4) Some parochial schools are becoming charter schools, which are funded with tax money.

5) Churches get free services that taxpayers support with our tax money, such as water, police protection, garbage disposal and firefighting. Because churches are getting a free ride for these amenities, every private citizen's bill for these services is much higher than it should be.

Can we ordinary citizens afford to continue to subsidize churches? Because most of these subsidies are hidden, it is difficult for us, as Atheists, to realize that, as taxpayers, we are subsidizing religion whether we want to or not. When I have spoken about these hidden subsidies to groups, many Atheists become infuriated by the thought that churches, shrines to a supernatural world that we deplore, are being maintained and repaired, and even profiting, with the help of tax money from Atheist citizens.

Let me make it even clearer: 'God' is a business, and a profitable business. Religious institutions are able to make extraordinary profits because they are excused from many of the obligations of other businesses. The whole situation of churches being subsidized by our tax money, enabling them to become tax-exempt profitable businesses, is not fair, it doesn't make sense, it is untenable and it is time that business people across the nation-Atheists or not, looked at this discrepancy in tax policy and protested.
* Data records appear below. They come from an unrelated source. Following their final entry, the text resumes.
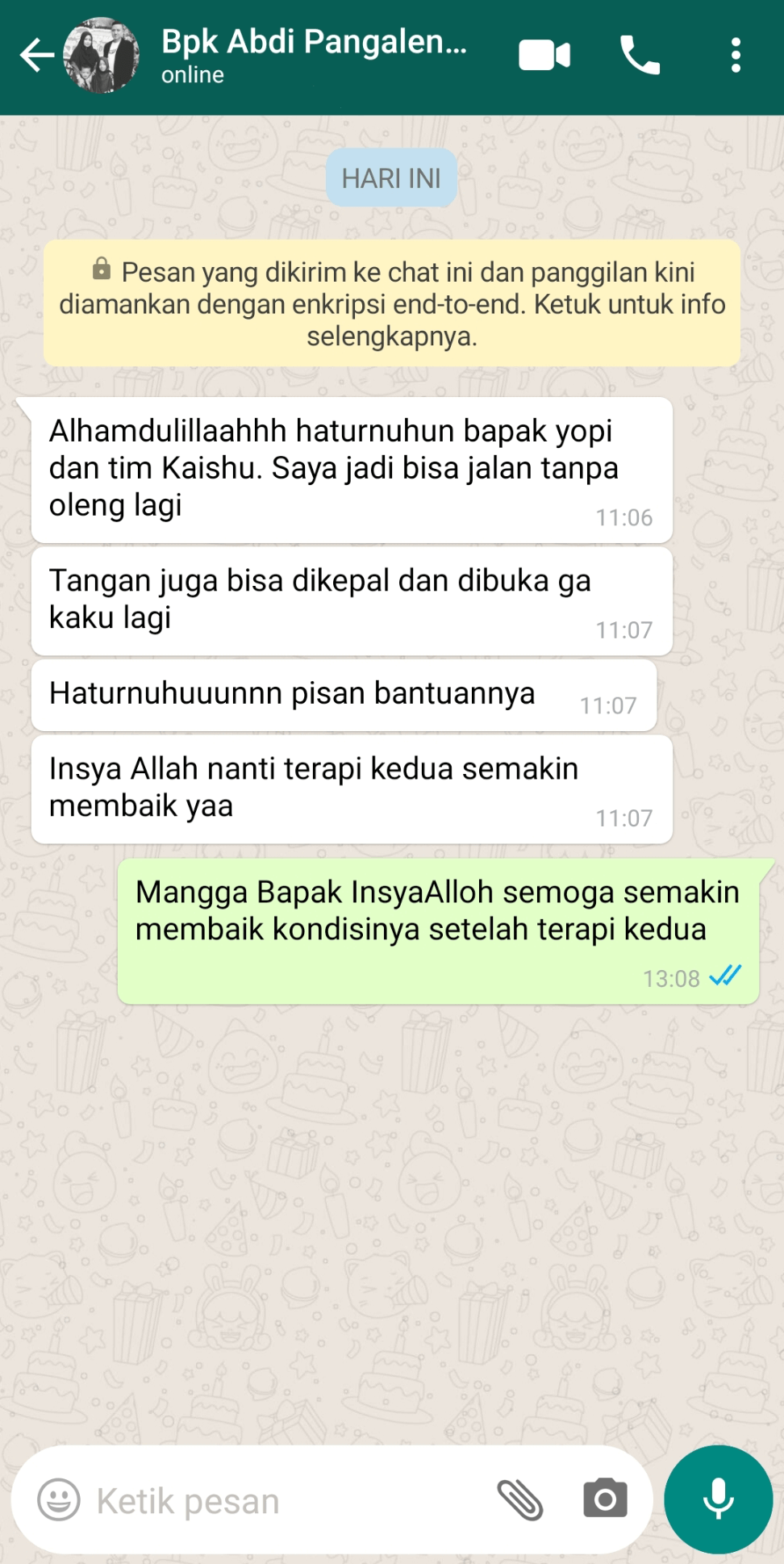 Tujuan kami membantu mengembalikan dan mempertahankan kesehatan tulang belakang dan syaraf Anda tanpa operasi. Sehingga Anda menikmati hidup Anda jauh dari rasa sakit dan kekhawatiran akan operasi. Dengan teknik terapi neurotik Kaishu yang terbukti selama bertahun-tahun menyembuhkan penyakit syaraf, tulang belakang, stroke, syaraf kejepit, lumbar backpain, dan masalah lainnya di tubuh Anda.
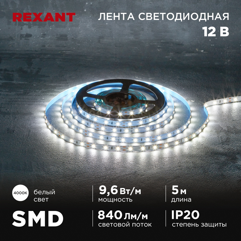 Лента светодиодная 12В, SMD2835, 9,6Вт/м, 60 LED/м, 4000K, 8мм, 5м, IP20 REXANT | код 141-214 | REXANT
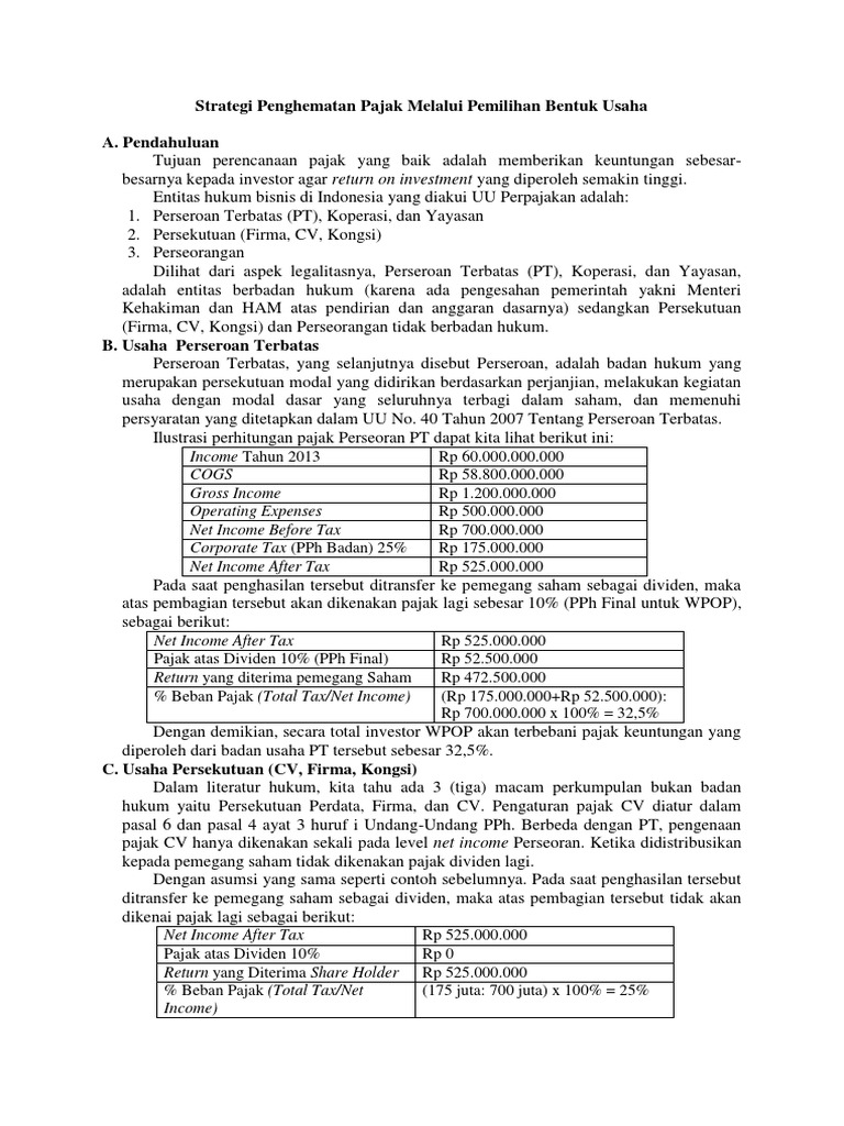 Strategi Penghematan Pajak Melalui Pemilihan Bentuk Usaha
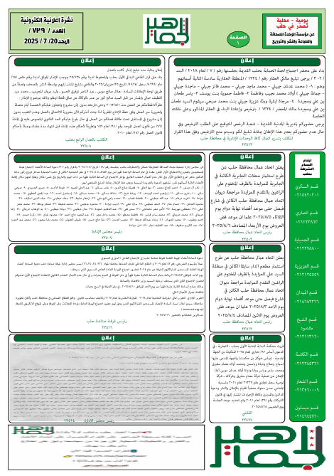 إعلانات الجماهير نشرة إعلانية الكترونية العدد رقم /739/ ليوم الأحد 20 – 7 – 2025 اعلانات Last updated يوليو 20, 2025 Share Loading... Taking too long? Reload document | Open in new tab Share FacebookTwitterGoogle+ReddItWhatsAppPinterestالبريد الإلكتروني
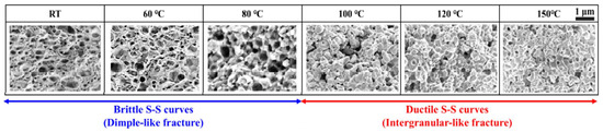 Temperature significantly influences the response of the sintered nano-silver paste. Elevated temperatures enhance ductility, leading to more pronounced deformation under identical stress levels. This is attributed to grain growth and intensified thermally activated plastic deformation [33], as shown in Figure 10. Accordingly, Figure 7a shows that the fractional order increases with temperature, validating its role in reflecting thermal softening. Furthermore, the fractional order remains bounded between 0 and 1, consistent with fractional-model constraints. Although the elastic modulus and relaxation time are treated as constants in the model for a given condition, they exhibit temperature dependence: both decrease as the temperature rises, aligning with classical viscoelastic theory.
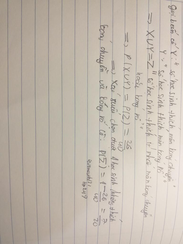 Gọi `AB` là biến cố: Học sinh thích ít nhất một môn bóng chuyển hoặc bóng rổ

It is incumbent on us, as Atheists, to start the ball rolling toward fairer tax policies. In my initial research on this topic, I got in touch with tax think tanks, tax specialists and tax reformers, all of whom urged me to continue educating and alarming my constituency to start the ball rolling for the elimination of tax exemptions for churches.

If Atheists do not work on this issue, who will? Join me in spreading the word, lobbying and alerting the public about the long-concealed and overlooked injustice of our nation subsidizing organized religion by tax exemptions and thus enriching the already brimming coffers of the churches.